Items from a data source
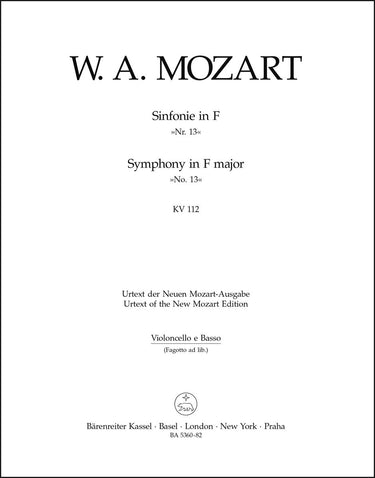 **Title**: Symphony no. 13 in F major K. 112 | **Composer / Author**: Mozart, Wolfgang Amadeus | **Editor**: Allroggen, Gerhard | **Edition Type**: Part, Urtext edition | **Scoring/ Instrumentation**: Violoncello, Double bass | **Binding**: Stapled | **Weight**: 33.0 g | **Format**: 32,5 x 25,5 cm | **Pages**: 5 S. | **Language**: EN | Sample: https://data.baerenreiter.com/NB/BA/BA05360_82_9790006469239_nb_lrg_01.jpg
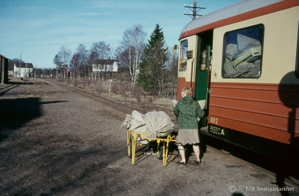 Lossning av post från rälsbuss SJ YBo5p 882 i Åsaka.
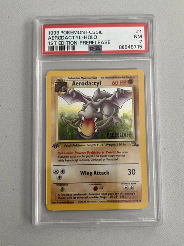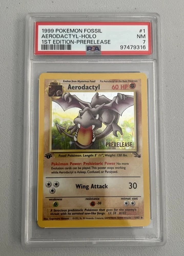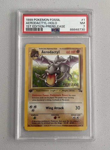 Aerodactyl 1st Edition RARE Prerelease POKEMON Card PSA 7 NM FOSSIL Holo 1/62
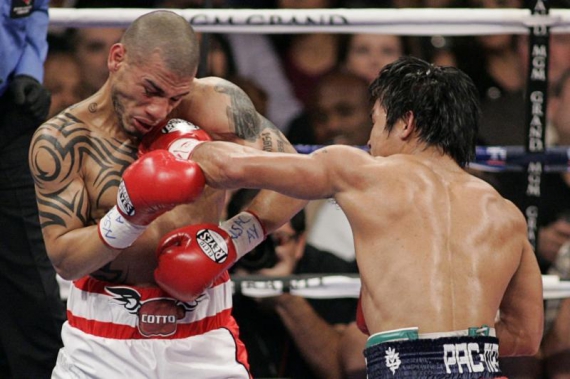 Однако скорость филиппинца, его невероятная выносливость и умение держать удары сделали свое дело. Примерно пять раундов Котто держался почти на равных, часто проводил удачные комбинации, но при этом дважды побывал в нокдаунах.
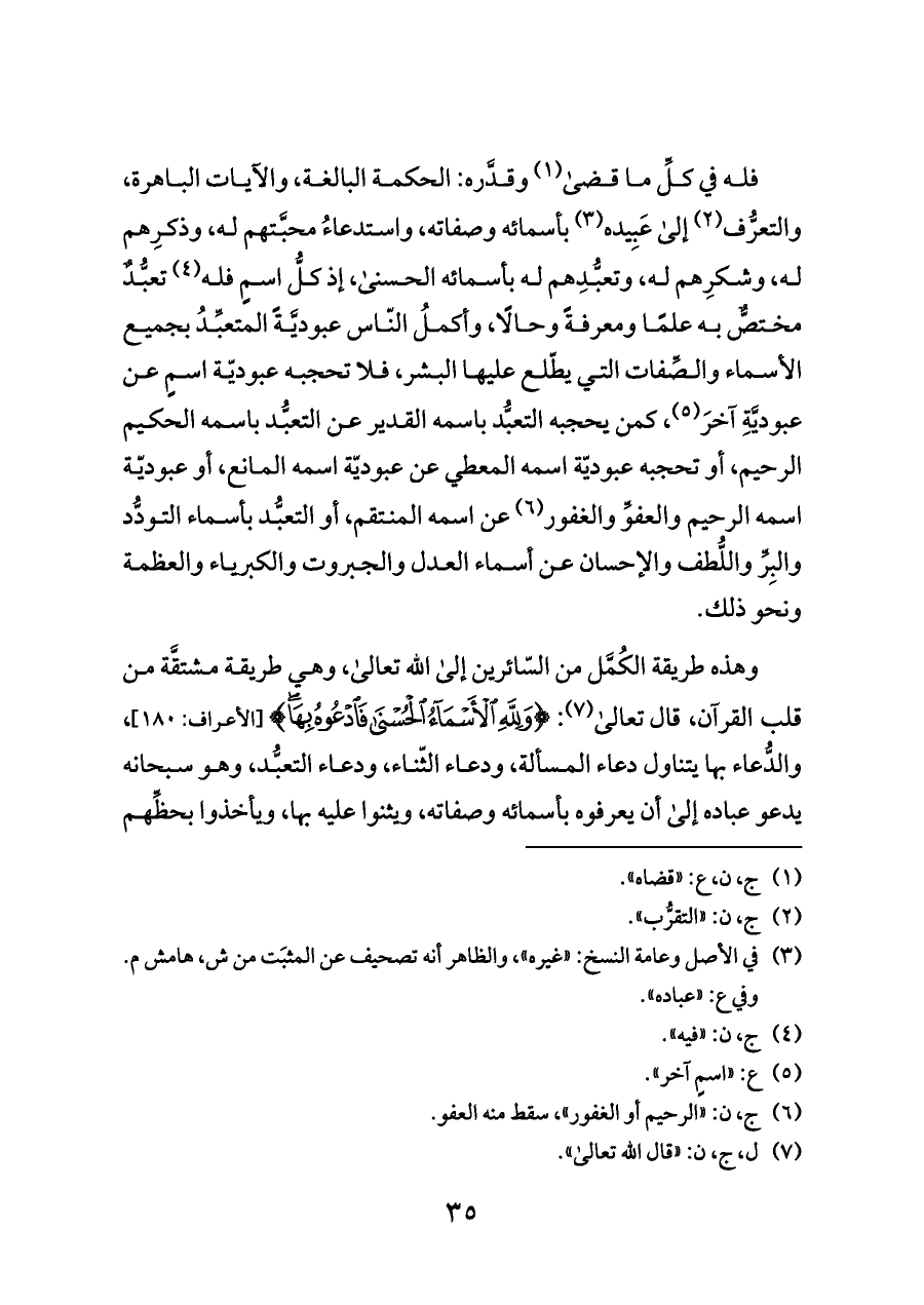 (¬٣) في الأصل وعامة النسخ: «غيره»، والظاهر أنه تصحيف عن المثبَت من ش، هامش م. وفي ع: «عباده».

- **ABOUT THIS TASK**: Using the entries above, reproduce word for word only the lines from the one that contains "Aerodactyl 1st Edition" to the one that contains "Однако скорость филиппинца, его", both ends included, and drop every picture.

- **TASK SOLUTION**:
 Aerodactyl 1st Edition RARE Prerelease POKEMON Card PSA 7 NM FOSSIL Holo 1/62
 Однако скорость филиппинца, его невероятная выносливость и умение держать удары сделали свое дело. Примерно пять раундов Котто держался почти на равных, часто проводил удачные комбинации, но при этом дважды побывал в нокдаунах.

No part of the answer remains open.